Respecto al documento presentado, no procede su admisión ya que no encaja ni en el art. 231 LPL ni en el art. 272 LEC , refiriéndose a otro trabajador.

Como consecuencia de lo expuesto hay que entender que ha sido correcta jurídicamente la conclusión de la Juzgadora de instancia de calificar el despido como procedente, debiendo con desestimación del recurso confirmar la sentencia de instancia, sin expreso pronunciamiento en costas.

Fallo

Que debemos DESESTIMAR el recurso de suplicación interpuesto por D. David contra la sentencia de 17 de junio de 2008 dictada por el Juzgado de lo Social número 17 de Madrid , en autos nº 138/08, en virtud de demanda formulada por el recurrente contra BANCO DE SABADELL S.A. en reclamación sobre DESPIDO, y en consecuencia debemos confirmar la sentencia de instancia. Sin costas.

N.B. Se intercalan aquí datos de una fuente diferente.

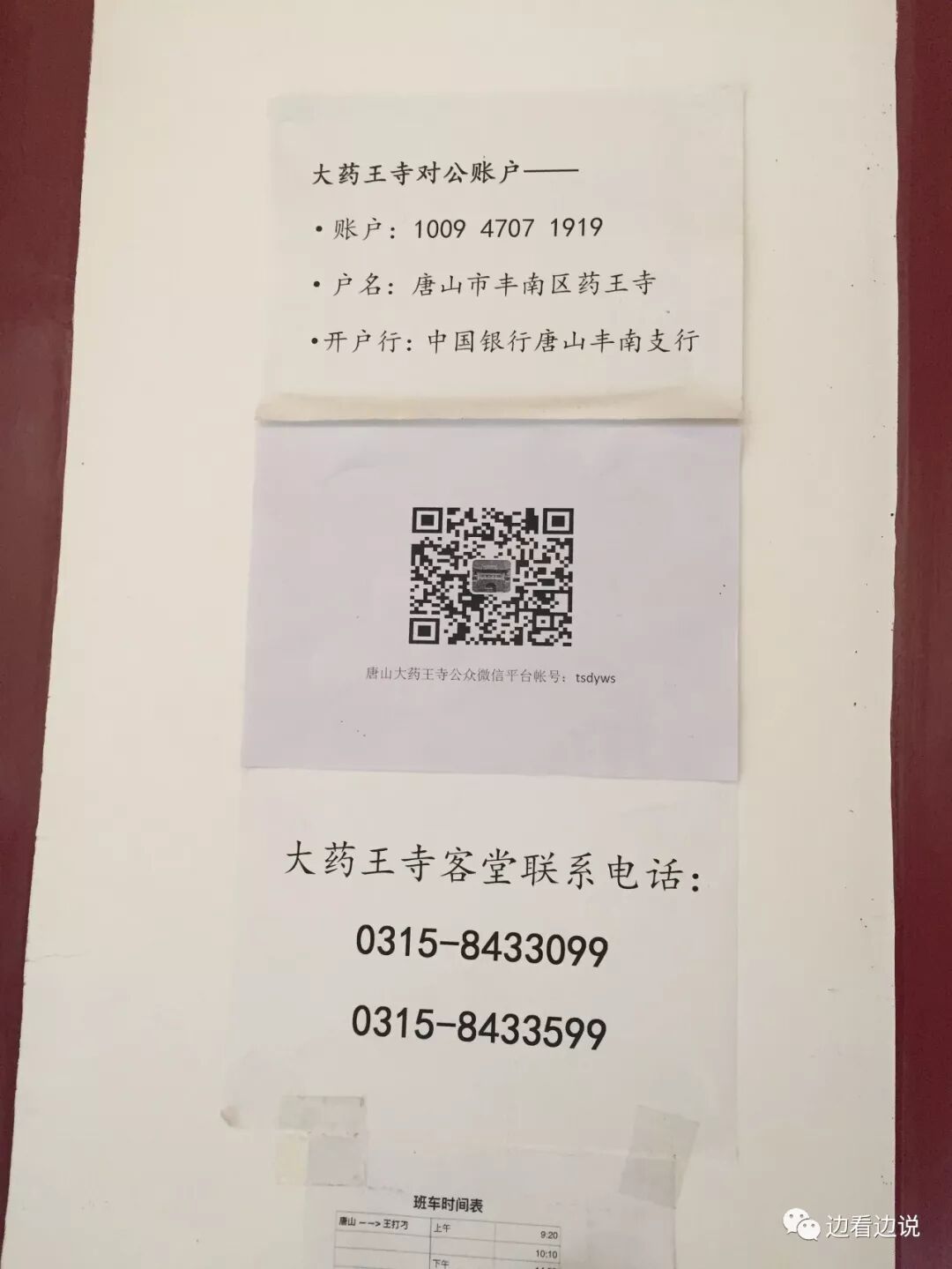 墙上贴的捐款的账号、联系方式

Notifíquese la presente resolución a las partes y a la Fiscalía del Tribunal Superior de Justicia de Madrid, haciéndoles saber que contra la misma solo cabe RECURSO DE CASACION PARA LA UNIFICACION DE DOCTRINA que se preparará por escrito ante esta Sala de lo Social dentro de los DIEZ DIAS siguientes a la notificación de la sentencia de acuerdo con lo dispuesto en los artículos 2l9, 227 y 228 de la Ley Procesal Laboral, advirtiéndose en relación con los dos últimos preceptos citados que el depósito de los 300,51 euros (50.000 pesetas) deberá efectuarse ante la Sala de lo Social del Tribunal Supremo al tiempo de personarse en ella en su cuenta nº 24l0 del Banco Español de Crédito, Oficina 1006 de la calle Barquillo nº 49, 28004-Madrid, por todo recurrente que no tenga la condición de trabajador o causahabiente suyo o beneficiario del régimen público de la Seguridad Social, mientras que la consignación del importe de la condena deberá acreditarse, cuando proceda, por el recurrente que no goce del beneficio de justicia gratuita ante esta Sala al tiempo de preparar el recurso, presentando resguardo acreditativo de haberla efectuado en la c/c nº 287600000049412008 que esta Sección Quinta tiene abierta en el Banco Español de Crédito, Oficina 1026 de la Calle Miguel Angel nº 17, 28010-Madrid, pudiéndose sustituir dicha consignación en metálico por el aseguramiento mediante aval bancario en el que se hará constar la responsabilidad solidaria del avalista.

Expídase testimonio de la presente resolución para su incorporación al rollo de esta Sala.

Así, por esta nuestra sentencia, lo pronunciamos, mandamos y firmamos.